Friday, August 7, 2020

The Man Who Wasn't Maigret: A Portrait of Georges Simenon by Patrick Marnham

 Perhaps the most enduring mark left on Simenon by the occupation of Liege was an ambivalence toward conventional ideas of right and wrong.  This became one of the major themes of the Maigret books; it might almost be called the "message" of the Maigret saga.  On the whole Commissaire Maigret finds criminality easy to understand and adopts a frankly sympathetic attitude towards many of his clients.  His first question is not "Who committed this crime?" but "Why was it committed", and in order to answer, he has to understand the person who committed it.

--Patrick Marnham, The Man Who Wasn't Maigret (Farrar, Straus, Giroux 1993)

I've been reading more of Simenon's Maigret novels (there are seventy-five) lately and, though they are fairly short and compact I have been finding them much more satisfying than most contemporary crime novels.  I think one of the reasons for this is the comment of Simenon's son John: "my father did not believe in evil"; motives in Simenon's novels are often complex and sometimes strangely mysterious. 

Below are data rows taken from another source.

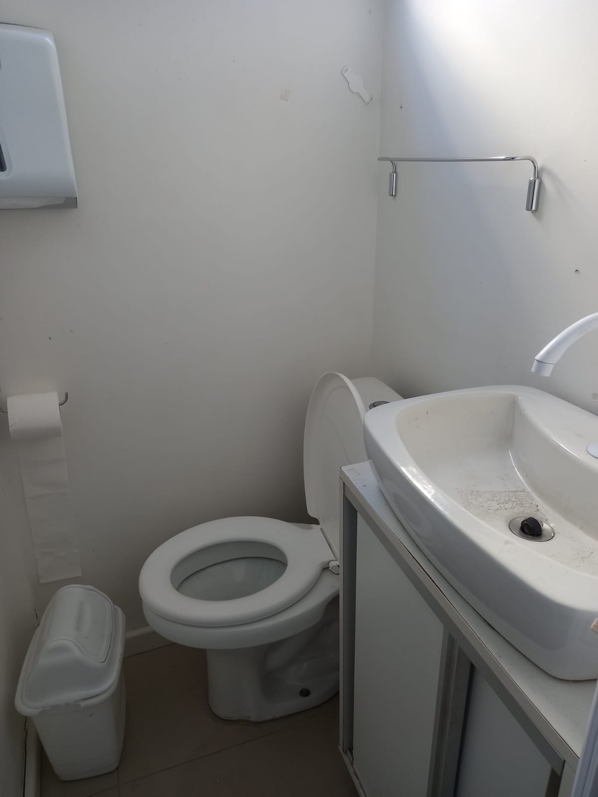 Banheiro com box de vidro. Sala ampla e iluminada.
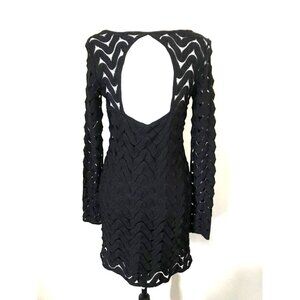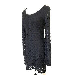 FREE PEOPLE Midi Dress Size Small Black Lined Open Knit Shell Overlay
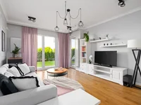 L'appartement est situé au rez-de-chaussée d'un immeuble de 2 étages et comprend un salon avec un coin cuisine et un coin repas (28 m2), une chambre (11 m2), un couloir (6 m2), une salle de bains (4 m2). Hauteur du plafond - 280 cm. La cuisine est entièrement équipée avec des appareils ménagers. La terrasse est partiellement couverte, équipée d'un auvent avec un capteur de vent et contrôlée par une télécommande.
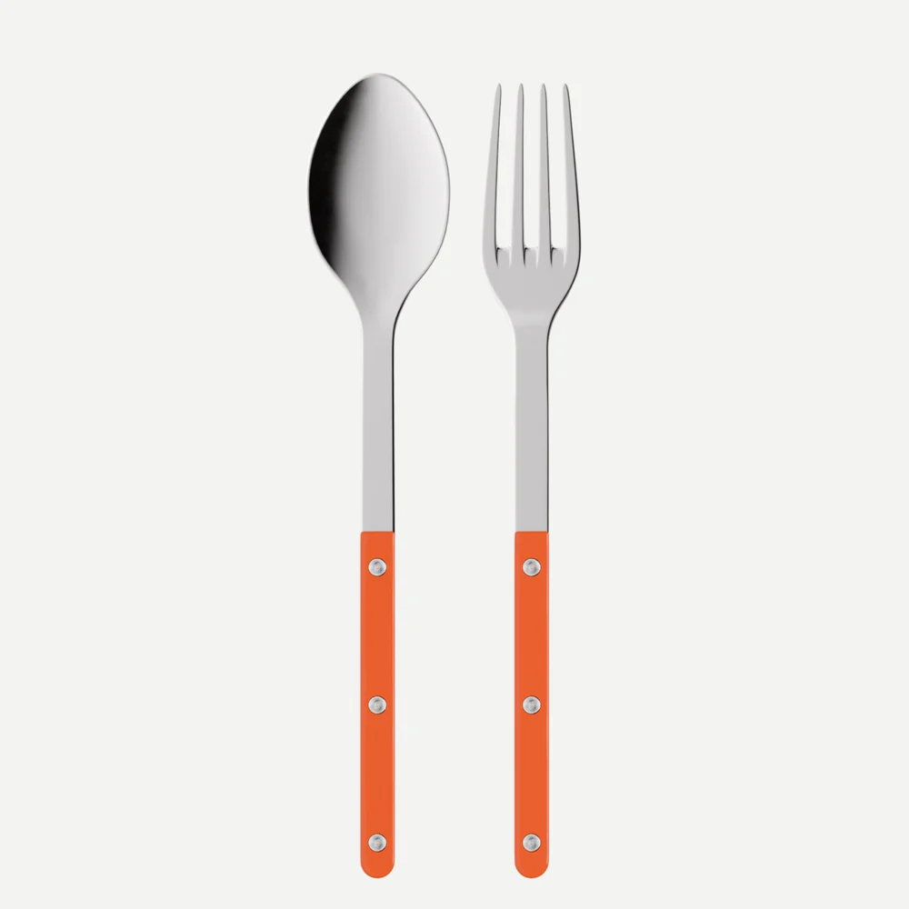 Elegant och tidlöst serveringsset från franska Sabre Paris. Setet består av en serveringssked och en serveringsgaffel – perfekta för allt från sallader till pasta eller uppläggning av större rätter. Serien Bistro kännetecknas av sin klassiska design med nitar i handtaget och en balanserad vikt som gör besticken både bekväma och vackra att använda.

How useful the biography of a writer is to a reader of his work is questionable, though Markham finds many influences on Simenon's work in his life, from his relationship to his parents and wives to the influence on Simenon of the occupied countries he lived in during world wars I and II and to the many love affairs he had (he claimed he slept with 10,000 women, while one of his wives said it was more like 1000, often with her approval).  One of the reasons I read biographies of artists is to try to learn how they were able to accomplish so much in spite of all their neuroses and difficulties.  As usual this biography gives little insight into the creative process, with Simenon apparently going into a trance-like state when he wrote.  Simenon learned his craft by writing pulp novels, as many as forty-four a year when he first started; the year Maigret appeared, 1931, Simenon wrote eleven  Maigret novels. Aside from the Maigret novels Simenon also wrote more than 100 novels he called romans durs  "hard" novels, as brilliant as the Maigret novels, though considerably more downbeat. 

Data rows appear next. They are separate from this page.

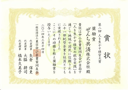 ぜんち共済株式会社(本社:東京都千代田区、代表取締役社長:榎本重秋)は、一般社団法人東京中小企業家同友会が主催する第2回『人を生かす経営』大賞において、「奨励賞」を受賞しました。
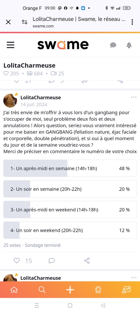 N'oubliez pas de vous inscrire pour venir profiter de mon corps samedi encore 24...
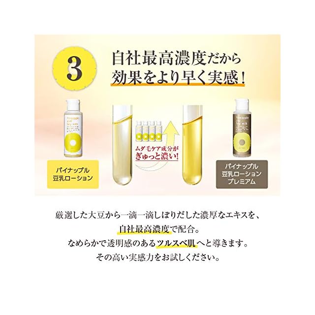 『パイナップル豆乳ローション』シリーズ最高濃度!ワキやスネなどの濃くて太いムダ毛にもしっかりと!
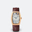 Heritage wristwatch in 18-carat rose gold. Curved tonneau-shaped case. Self-winding movement. Retrograde moon-phase indicator. Balance-spring in silicon. Cambered frosted silvered and natural mother-of-pearl dial, hand-engraved on a rose engine. Water-resistant to 3 bar ( 30 m ). Dimensions : 35 x 25 mm. Also in white gold. Available on gold bracelet.

Simenon led a turbulent life, sometimes living with three women at a time and moving often, from Belgium to France to the United States, which he liked for a while, until Joseph McCarthy came along and Simenon abandoned his plan to become an American citizen.  His last years were spent in Switzerland where, in 1972, he stopped writing novels and published twenty-two volumes of autobiography, much of it fictionalized; Marnham does a pretty good job of separating the fact from the fiction in these volumes, few of which have been translated into English.

The Maigret novels now all exist in new translations from Penguin. I have my favorites, of course, but the quality is consistently high and I recommend them all.